A 3.4 magnitude earthquake hit near the community of Honey Grove around 8:30 p.m.
“The coffee cups, of course rattled and it was just shifted like this, just a tad,” Courtney Beiler said.
Beiler was at home, just north of Mifflintown, Wednesday night when she felt a big rumble and all of a sudden, dishes in her kitchen started rattling.
“My husband was sitting on the chair, and he said my eyes were as big as saucers and his eyes were pretty big too, and we were like, ‘What just happened?'” Beiler said.
What happened was an earthquake shaking her whole house.
“It happened right in the middle of the valley and ridge, and so because the rocks here are so folded and cracked, there are a lot of these faults, these breaks in the rocks,” Harrisburg University earth system sciences assistant professor Dr. Michael Meyer said.
Meyer says it’s not surprising that the 3.4 magnitude quake was felt by so many.
“Definitely in the tens of kilometers deep, so it has a lot of very solid rock to travel through and so the more connected and sort of cold and hard the rock is, it can travel greater distances,” Dr. Meyer said.
But even near the epicenter in Honey Grove, many didn’t feel a thing.
“I didn’t feel much but all I heard was a big boom,” Dylan Bell said.
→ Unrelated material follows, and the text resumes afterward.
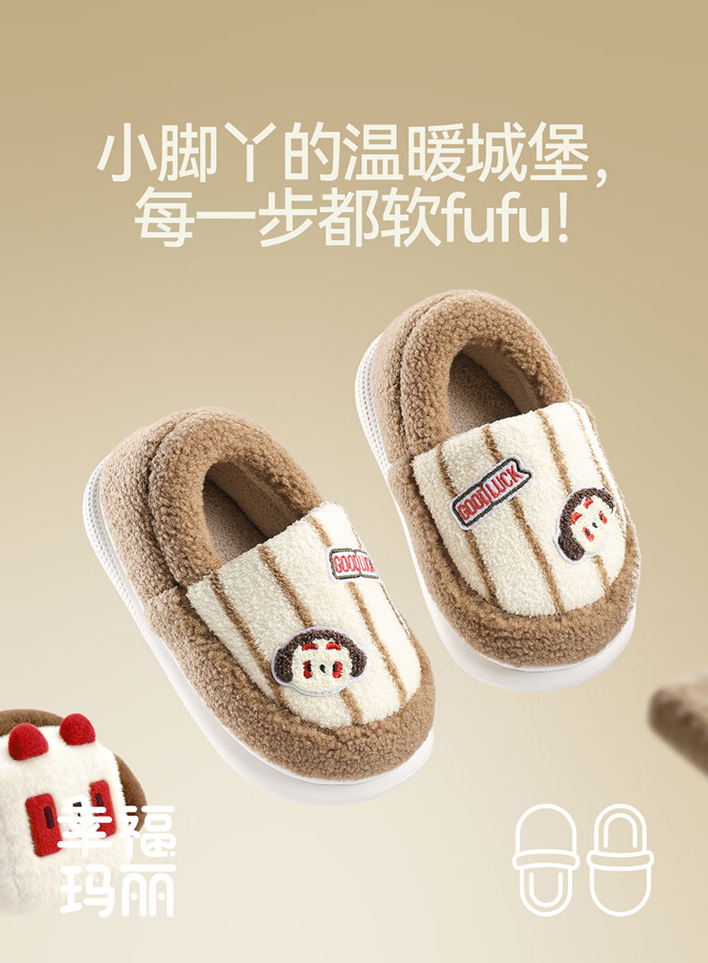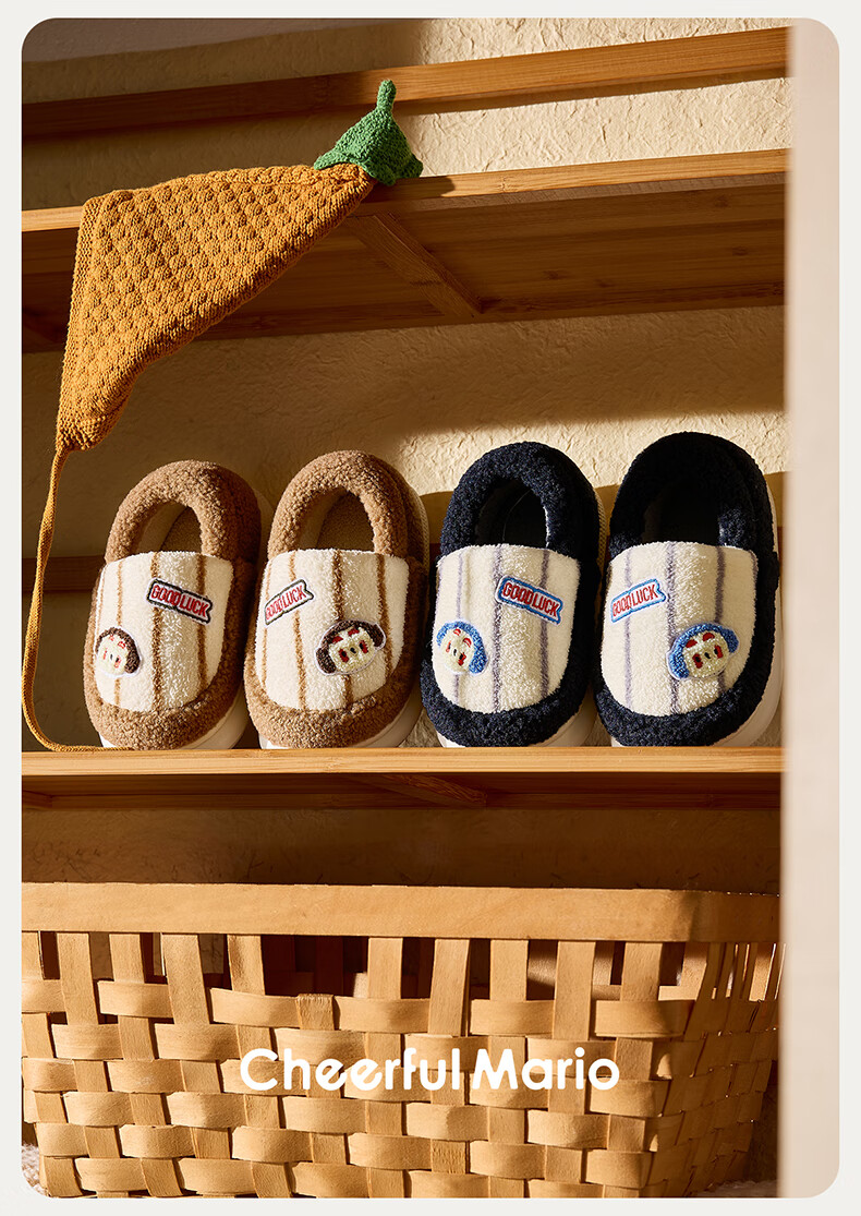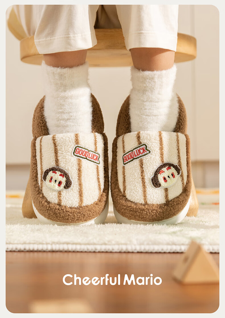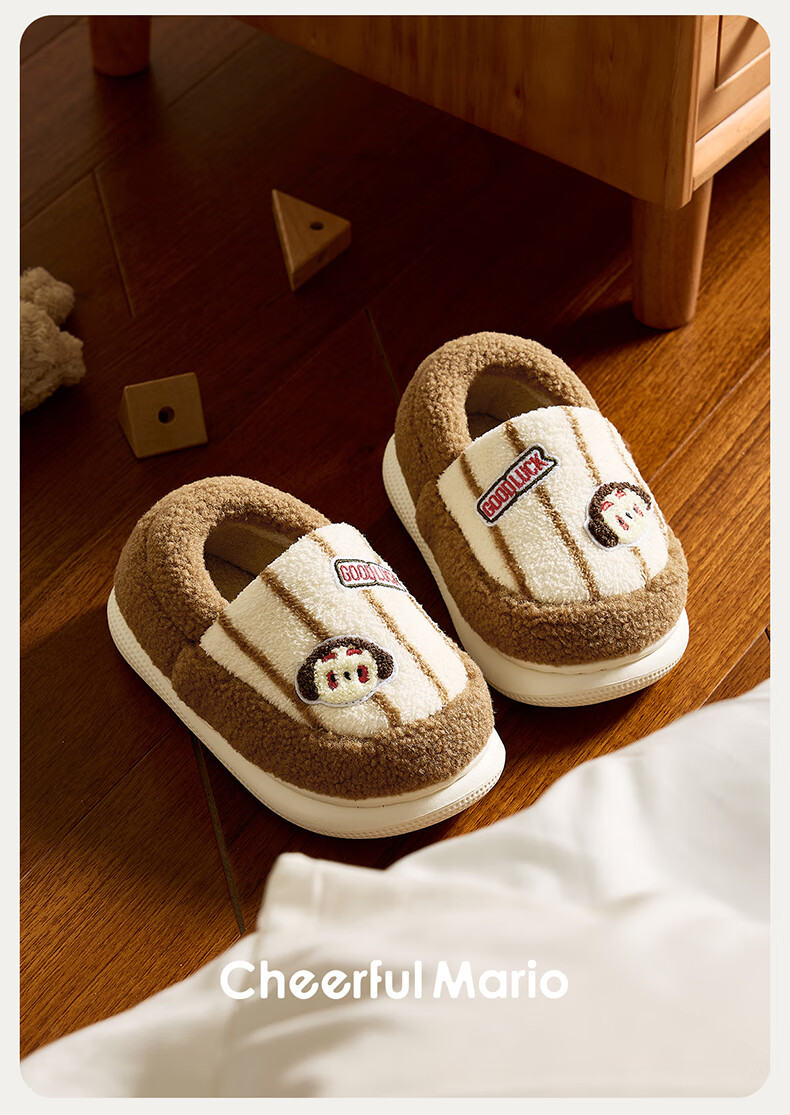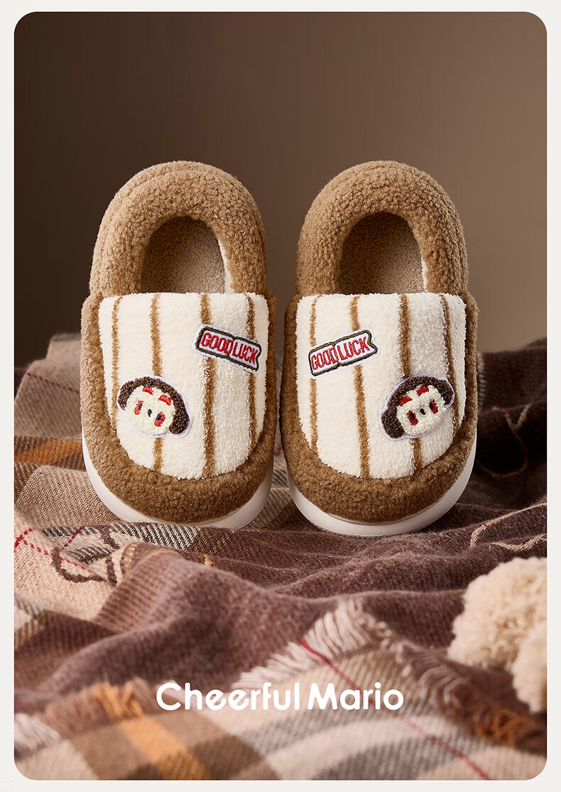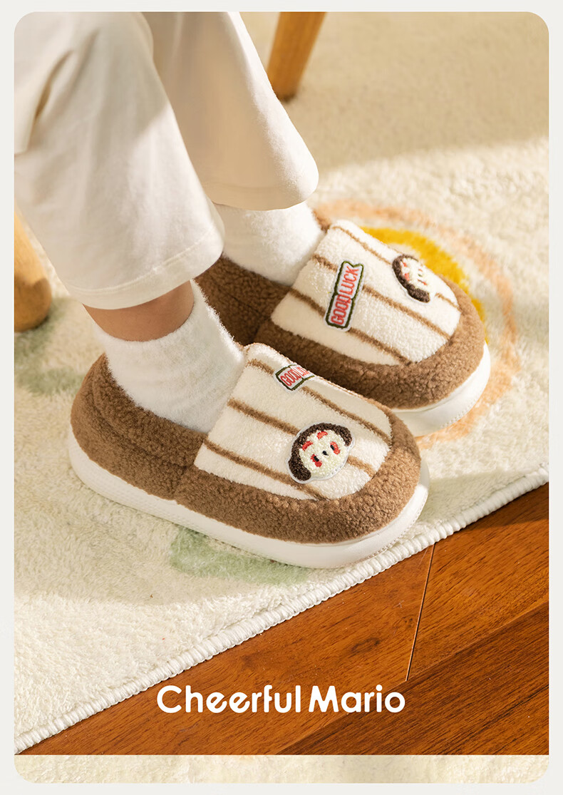 Cheerful Mario Cartoon Embroidery Children's Cotton Slippers Girls Winter Bag Heels Indoor Home Warm Middle-aged Boys Wool Cotton Shoes

Meyer says we’re in a mild region.
“But we do have lots of old faults, very old faults and so sometimes those old faults, since they’re a point of weakness, they move, and they make an earthquake,” Dr. Meyer said.
Hundreds reported rumbles from Juniata County south to the Maryland line west of Harrisburg. The strongest recorded earthquake in the region was a 4.1 magnitude quake that hit Lancaster County in 1984.